Problem statement -> Each line from the one containing "2007 Otan MEP-803A" through the last line of the data below should be printed exactly, please, with any pictures omitted.

Data extract ->
┏━━
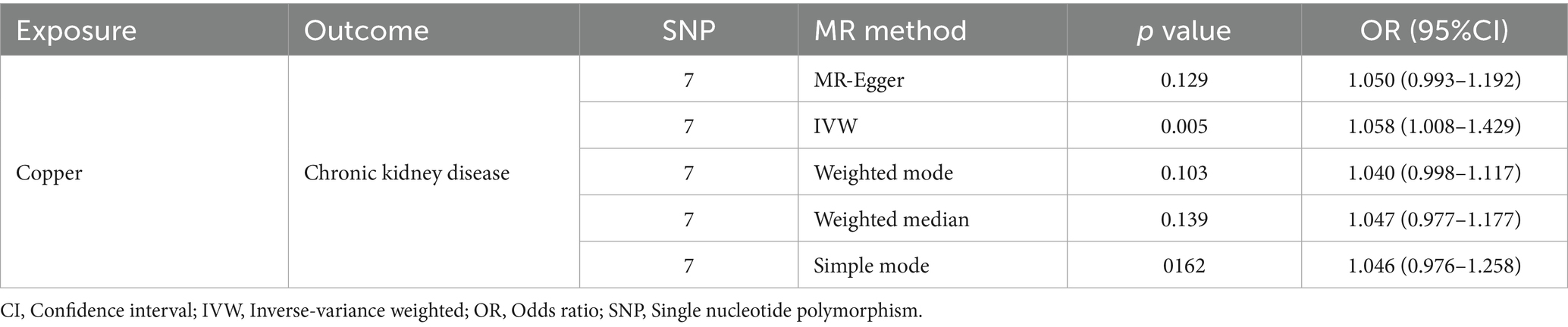 MR is a powerful approach that employs genetic variation as an instrumental variable to assess causal relationships, allowing for better control of confounding factors and reverse causality. This method thus facilitates a more accurate evaluation of the causal effects of exposures on outcome (25). So, this approach allows for a more precise evaluation of the causal effects of serum copper on CKD outcomes. MR has been recognized as a valuable tool in kidney disease research (26). Our findings align with the study conducted by Ahmad et al. (17), which also identified a potential genetic causal relationship between elevated copper levels and CKD. However, unlike our study, Ahmad et al. relied solely on genomic data from a meta-analysis of three cohorts, whereas we integrated genetic data with real-world clinical observations to enhance the robustness of our conclusions.
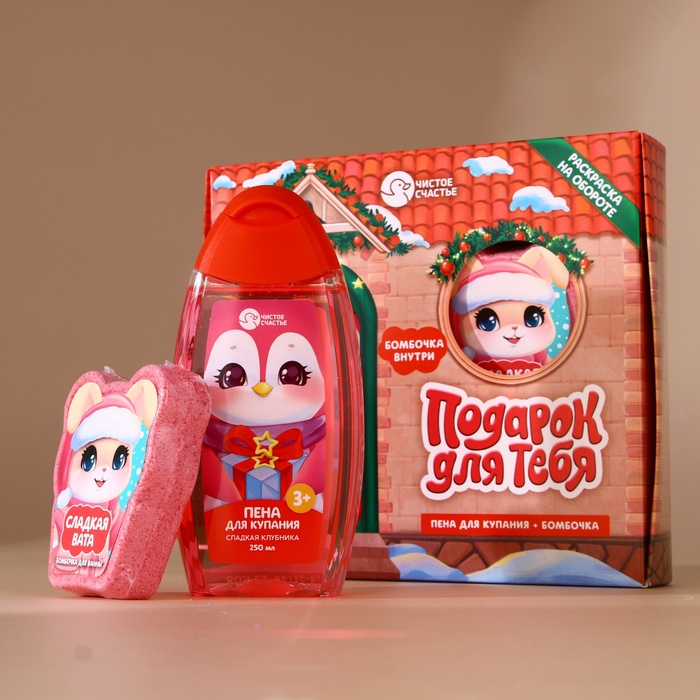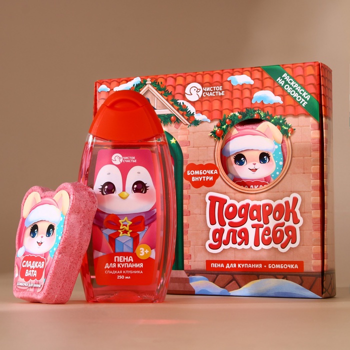 Подарочный набор новогодний детский «Подарочек для тебя», пена для купания 250 мл и бомбочка для ванны 110 г, Чистое счастье — Характеристики
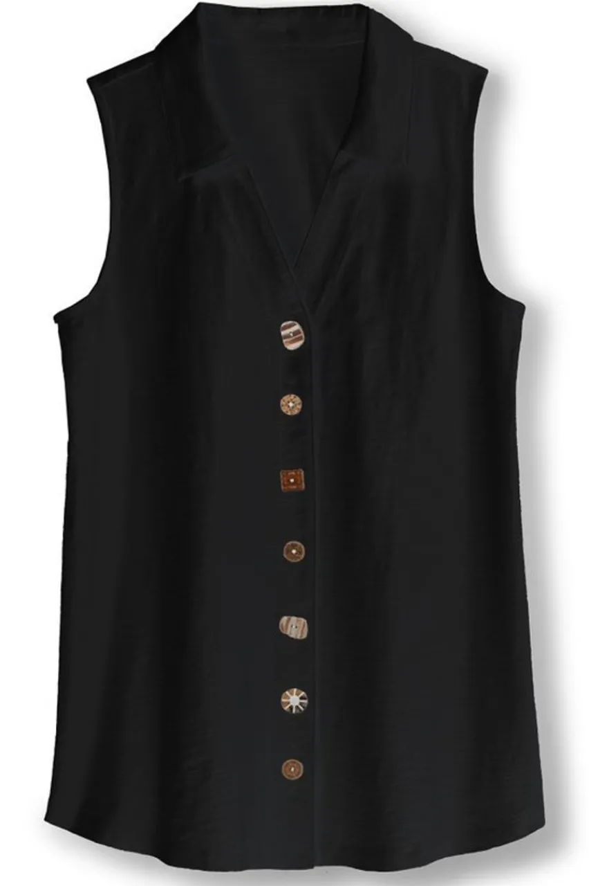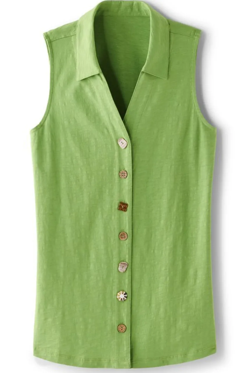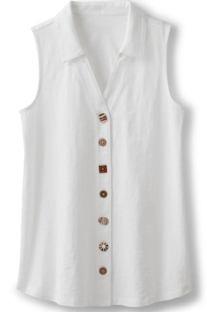 Our beloved Danielle is back and better than ever with an updated silhouette and, of course, the whimsical mix of buttons on the front placket. This flowy, sleeveless tunic is ready for warm weather with a fresh curved hem and high-quality cotton fabric for the comfiest all-day wear.
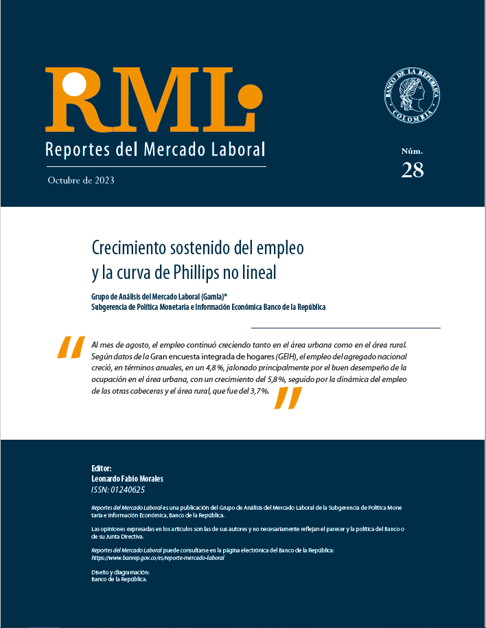 La serie de Reportes del Mercado Laboral (RML) es una publicación trimestral del Grupo de Análisis del Mercado Laboral (Gamla) del Banco de la República, creado en 2017. Las opiniones y posibles errores son responsabilidad exclusiva del autor y sus contenidos no comprometen al Banco de la República ni a su Junta Directiva.
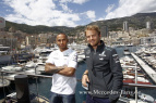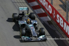 Die Häuserschlucht von Monte Carlo scheint den Silberpfeilen zu liegen. Bekanntlich trainiert ja Nico Rosberg selbst mit einem Einkaufswagen dort die ideallinie. Ist vielleicht was wahres dran, denn der Wahl-Monegasse hat am Samstag mit 1. min die schnellste Zeit in den fürstlichen Asphalt gestanzt und seinen Silberpfeil auf der Pole Position abgestellte. Neben ihm Mercedes AMG Petronas-Teamkollege Lewis Hamilton, der natürlicxh zu diesem Rennen auch seinen Hund Roscoe dabei hatte!
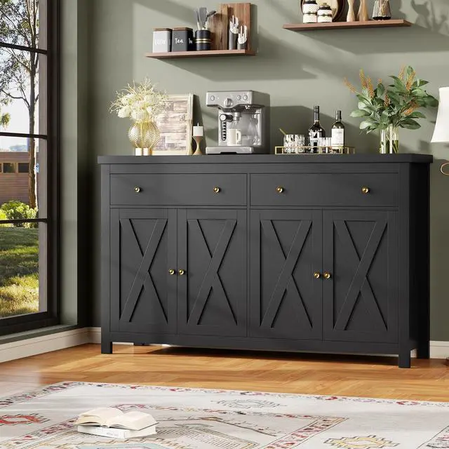 Modern Style--Black tabletop with wooden grain and distressed vintage metal handle of this black buffet cabinet, adds a great farmhouse flair to your home. Together with black barn doors, this console table with storage blends modern stylish elements with a distressed vintage look, to create a charming storage solution that matches most home decor.
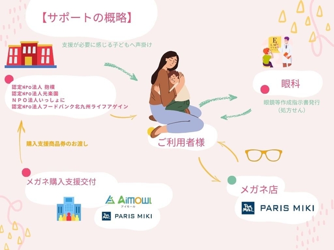 各サポート団体が「見えにくさ」を感じている子どもたちに声掛けをし、眼科医の眼鏡等作成指示書(処方せん)を取得後、近隣のパリミキでメガネを購入。メガネの購入代金(商品券)はAimowlとパリミキから支援されます。
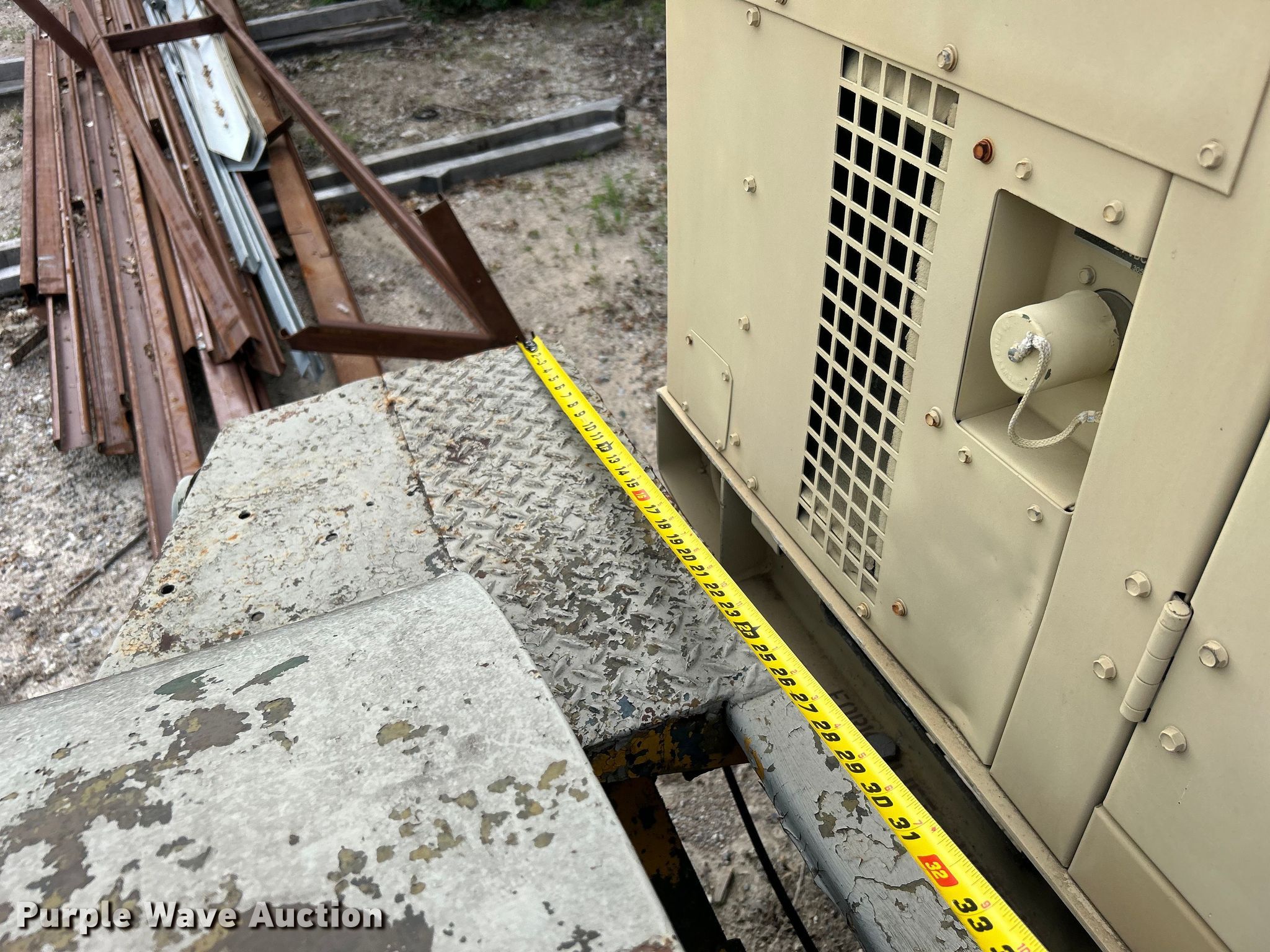 2007 Otan MEP-803A generator. Hours: 1,670 on meter, Serial: F736709. Engine Cylinders: 4, Fuel type: Diesel. Features Generator KW: 10, Phase: Single, Three, Electric start, Fuel tank. Trailer 12' L x 78" W, Hitch: Pintle, Suspension: Spring, Brakes: Electric, Axles: Single, Tire size: 9.00-30. Transfer of ownership documentation will be a bill of sale. Tulsa, OK 74131
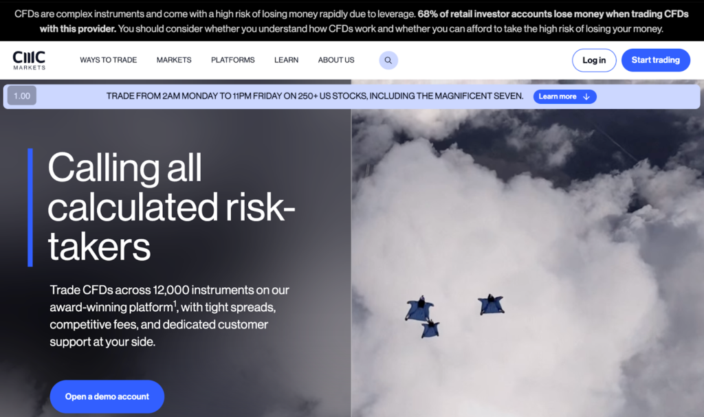 Alt text: UK-based CFD provider with AI-powered platform offering cryptocurrency trading and educational resources.
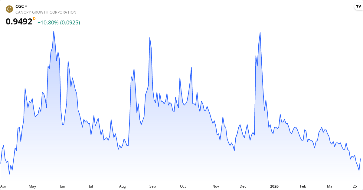 Canopy Growth veröffentlicht den nächsten Bericht am 29. Mai 2026. Die Aktie wird derzeit zu 0.96 $ gehandelt.
┗━━
Written solution ->
 2007 Otan MEP-803A generator. Hours: 1,670 on meter, Serial: F736709. Engine Cylinders: 4, Fuel type: Diesel. Features Generator KW: 10, Phase: Single, Three, Electric start, Fuel tank. Trailer 12' L x 78" W, Hitch: Pintle, Suspension: Spring, Brakes: Electric, Axles: Single, Tire size: 9.00-30. Transfer of ownership documentation will be a bill of sale. Tulsa, OK 74131
 Alt text: UK-based CFD provider with AI-powered platform offering cryptocurrency trading and educational resources.
 Canopy Growth veröffentlicht den nächsten Bericht am 29. Mai 2026. Die Aktie wird derzeit zu 0.96 $ gehandelt.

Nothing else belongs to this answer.